On Nov 25, 2013, at 11:21 PM, H.Merijn Brand <[email protected]> wrote:
> As I always use 2. when writing scripts, mostly because I use quite a
> few useful attributes in the 4th argument already, it is the most
> logical place: easy to maintain, easy to read and easy to extend.
Also very much specific to the DBI and DBDs, and a useful place for you as the
developer to define how the DBI should interface with the database.
> One of the huge disadvantages of putting everything in the DSN is the
> you have to rethink if and when character like :, ;, ", and ' should be
> escaped and how and that values like undef are pretty darn impossible
> (unless the driver has taken the trouble to support that).
And as far as I can tell, the DBI does not currently support any escaping at
all in the DSN. I created a database with a comma in its name, and was unable
to figure out how to get the DBI to connect to it.

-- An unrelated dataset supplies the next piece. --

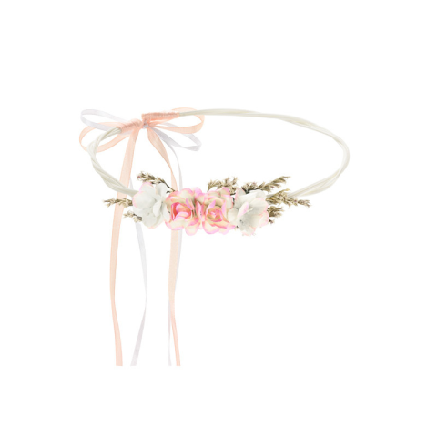 Virágkorona rózsaszín és krémszínű virágokkal. Mérete állítható.

> The first method however has a big advantage when the script (or a
> one-liner) is completely driven by environment settings.
>
> my $dbh = DBI->connect ($ENV{DBI_DSN});
>
> which happens to be the (underdocumented) default for connect and thus
> equivalent to
>
> my $dbh = DBI->connect;
I dislike this, personally. As a developer, I *always* exercise a certain
amount of control over what gets passed in the attribute hash. It would be a
rare condition where I would want to let an end-user do it. A multi-database
command-line tool like dbish would be one of those rare exceptions.